We enter into contracts all the time without putting the agreement in writing; we form contracts when we buy a cup of coffee, when we shop online, etc. Some types of contracts, however, are required by law to be in writing. Kevin and Monica Schmidt (the Schmidts) learned this the hard way when they could not enforce an oral agreement to frack oil wells in Beauregard Parish.
The Schmidts’ complaint alleged that they entered into an oral agreement with J-Lu Company Limited, L.L.C. (J-Lu) to fracture oil wells in which J-Lu owned an interest. Under their agreement, the Schmidts, in return for their fracking services, would split J-Lu’s interest in the wells. Thus, the split interests meant that both the Schmidts and J-Lu would share profits from the oil produced from the wells. Despite its agreement with the Schmidts, J-Lu subsequently made a deal with Will-Drill Operating Company (Will-Drill) to fracture the same oil wells.

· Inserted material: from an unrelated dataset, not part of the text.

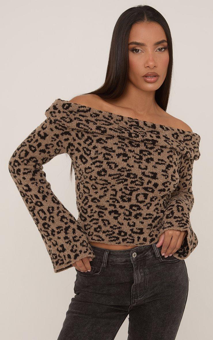 Steal the spotlight in our Bardot Long Sleeve Jumper In Brown Leopard Print Boucle Knit. This leopard print knit jumper is snug and stylish with its chic bardot neckline and cosy boucle knit. Style this long sleeve jumper with jeans and heels for a fierce, day-to-night look.

The Schmidts subsequently filed a lawsuit to enforce their contract with J-Lu, claiming their injury was the lost profits they would be entitled to under the agreement. J-Lu filed a motion to dismiss the Schmidts’ lawsuit, and the district court granted it because Louisiana law requires a written contract when transferring interests in mineral (i.e. oil and gas) rights. La. C.C. Art. 1839; La. R.S. 31:18. The Schmidts appealed the District Court’s decision.